How do you give them the video? 
Would you only provide your own thumb drive?

So far, the jobs I have done for plumbers, they only wanted pics so I emailed them for free. Does anyone store the info on their computer or leave it up to the customer?


----------



## Epox (Sep 19, 2010)

I keep the files on my computer. If the customers want a disk I am happy to oblige. If the camera came out of the truck I most likely made a nice profit on the job. But I don't give them away like I would a business card.


----------



## AssTyme (May 15, 2010)

Epox said:


> I keep the files on my computer. If the customers want a disk I am happy to oblige. If the camera came out of the truck I most likely made a nice profit on the job. But I don't give them away like I would a business card.




What he said^^^^^^^^^^^^^


If need be I mail the CD/DVD in a padded envelope I don't give away thumb drives.


----------



## plbgbiz (Aug 27, 2010)

Gettinit said:


> My camera has a huge hard drive, a place for an SD card, and a place for a thumb drive.
> 
> Anyone else have this set up?
> How do you sell the video?
> ...


We have two that record to SD cards and one that records to a USB flash drive. All videos are recorded in .avi format and are transferred to our server. Usually I just email a temporary download link for them to access it for themselves.

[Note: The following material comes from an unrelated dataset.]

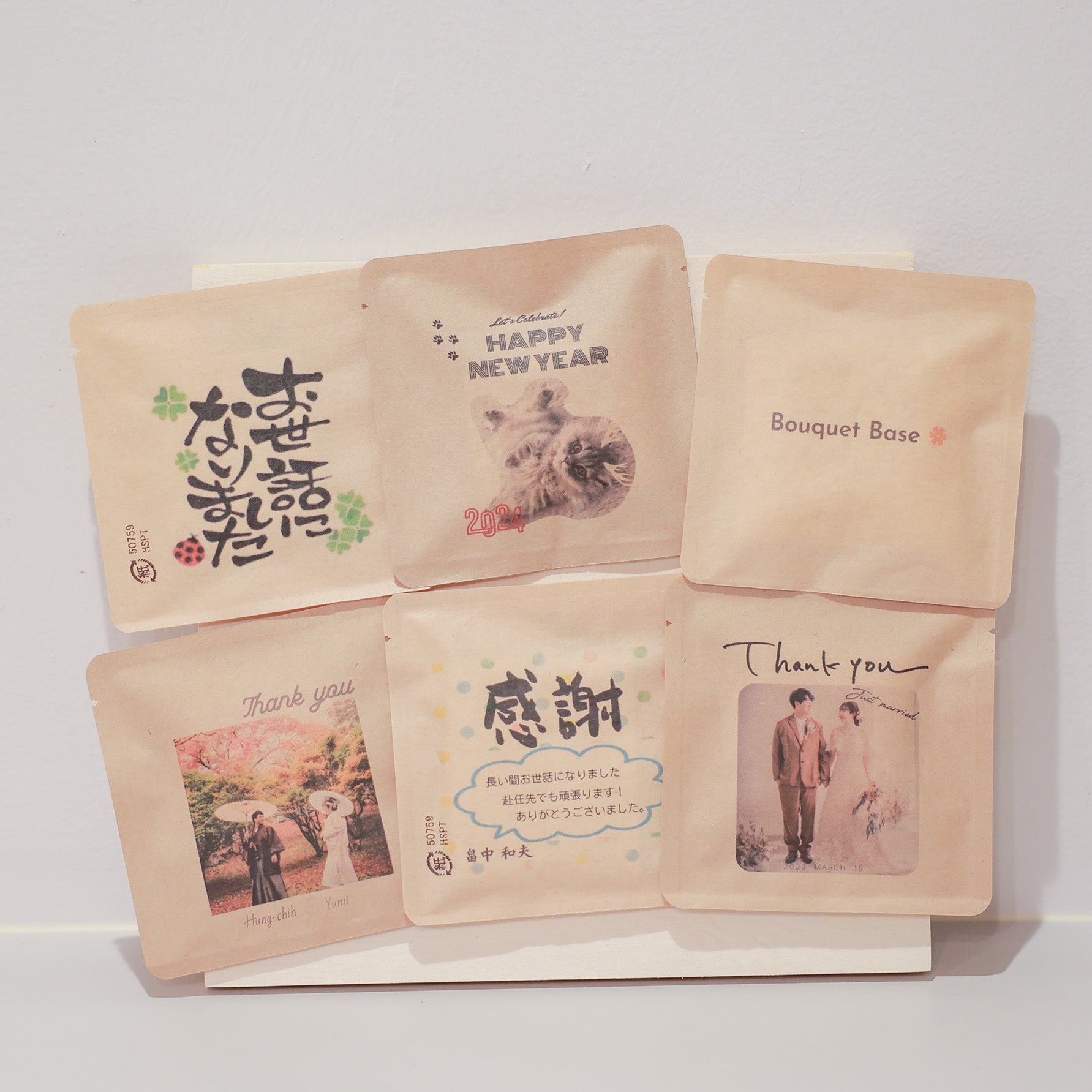 結婚式やお子さまの成長などのプチギフト、周年やイベント用、お店のロゴや社名を入れたプロモーションツールとして、オリジナルのドリップバッグはいかがでしょうか?
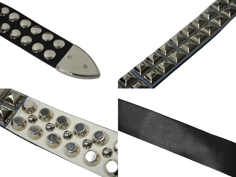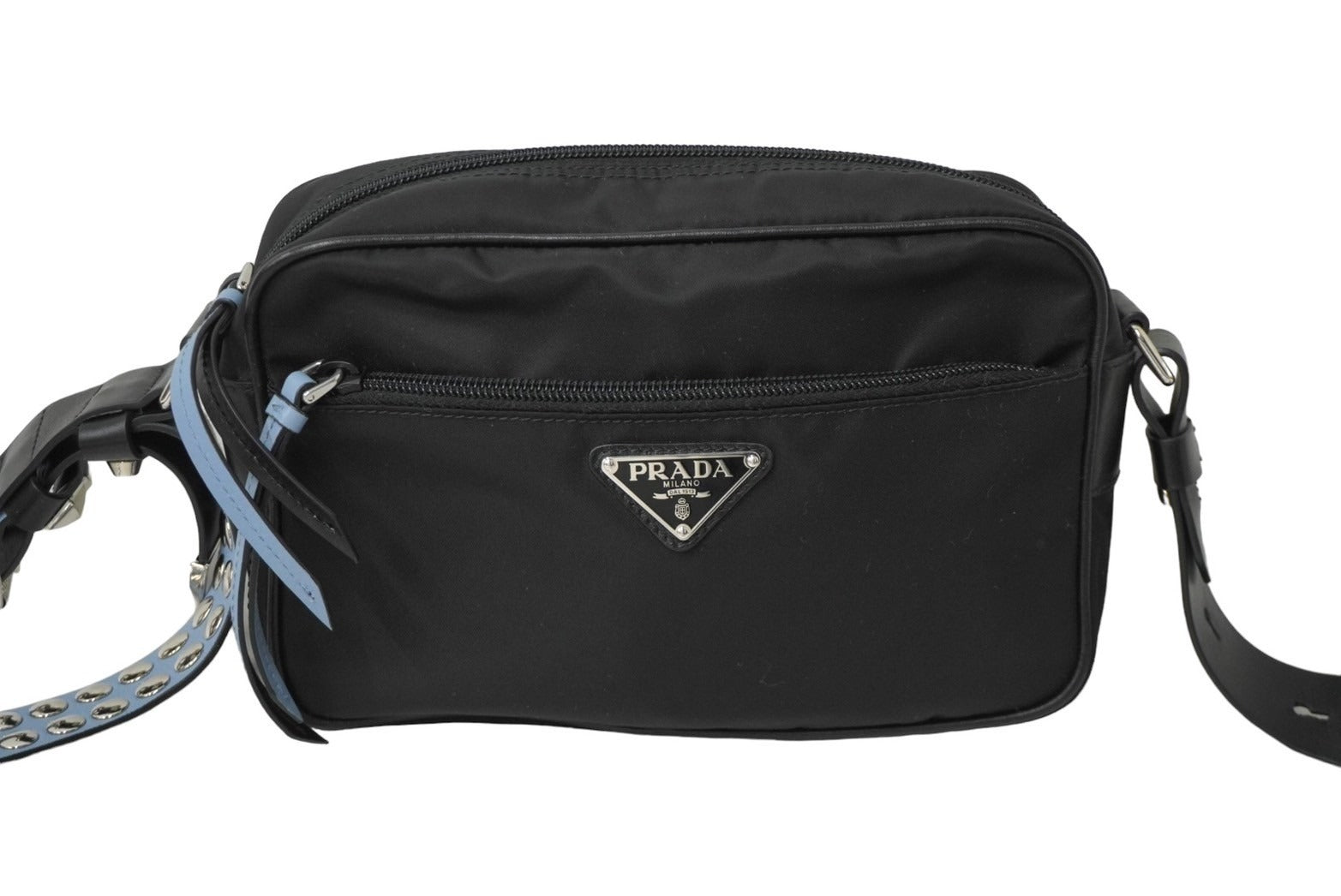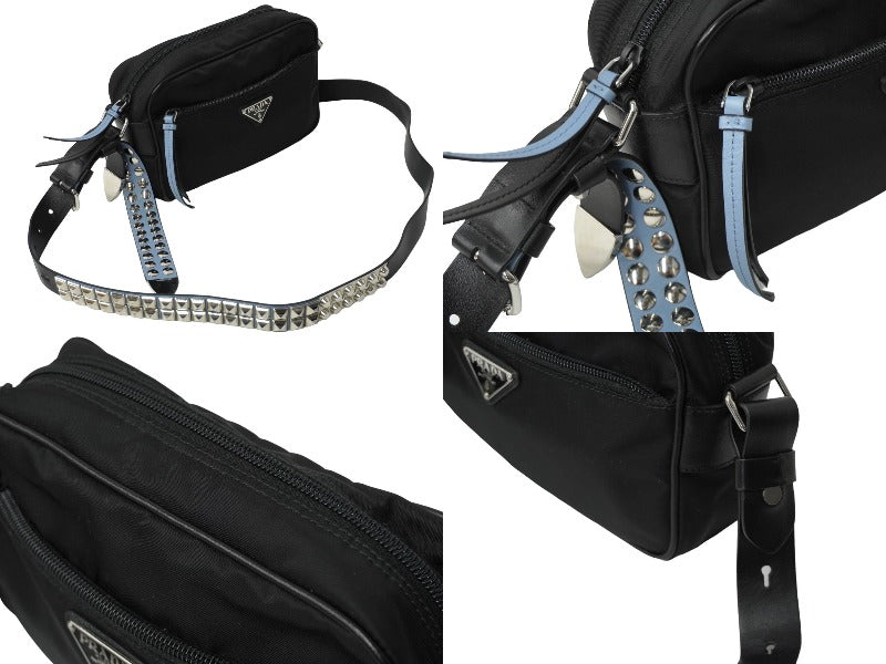 PRADA プラダショルダーバッグ トライアングルロゴ スタッズ ナイロン牛革 ブラック ブルー 1BC167 シルバー金具 美品 中古62019

We don't charge extra for the download.


----------



## AssTyme (May 15, 2010)

Gettinit said:


> *My camera has a huge hard drive, a place for an SD card, and a place for a thumb drive. *
> 
> Anyone else have this set up?
> How do you sell the video?
> ...




Which setup are you running ?


----------



## Cuda (Mar 16, 2009)

For most home owners I give them a DVD of the whole line. A one shot deal.
If there is just a spot or two then I take a digital still shot and email it to them
For Real Estate Deals I upload it to You Tube then give them the link to share with whatever parties need it.

If The line may effect me in the future I copy it to hardrive and give them a dvd on the spot. I have a dedicated library on a usb drive for all the camera work I have done for the last 6 years. Usb memery sticks i have on me but nobody ever wants one.


----------



## plbgbiz (Aug 27, 2010)

Cuda said:


> For most home owners I give them a DVD of the whole line. A one shot deal.
> If there is just a spot or two then I take a digital still shot and email it to them
> For Real Estate Deals I upload it to You Tube then give them the link to share with whatever parties need it.
> 
> If The line may effect me in the future I copy it to hardrive and give them a dvd on the spot. I have a dedicated library on a usb drive for all the camera work I have done for the last 6 years. Usb memery sticks i have on me but nobody ever wants one.


I forgot about youtube. We upload there if multiple people are needing the same video.


----------



## Cuda (Mar 16, 2009)

I used to pay ridgid connect and it is a good service but that was when I had 500 jobs for a local city to do, now I just use youtube. But if youtube ever starts charging I might consider uploading to our server.


----------



## BigDave (Mar 24, 2012)

Gettinit said:


> How do you sell the video?
> 
> How do you give them the video?
> 
> ...


Your time is money... I charge a small fee like $15 for a recording

Email a private web link for access (PM me for a HOW TO)

If the customer is willing to pay for this USB drive, YES!

With today's available web based storage, keeping on your personal
hard drive is no longer needed. (unless your business has a server
like Mr. Biz does).


----------



## Gettinit (May 9, 2012)

plbgbiz said:


> We have two that record to SD cards and one that records to a USB flash drive. All videos are recorded in .avi format and are transferred to our server. Usually I just email a temporary download link for them to access it for themselves. We don't charge extra for the download.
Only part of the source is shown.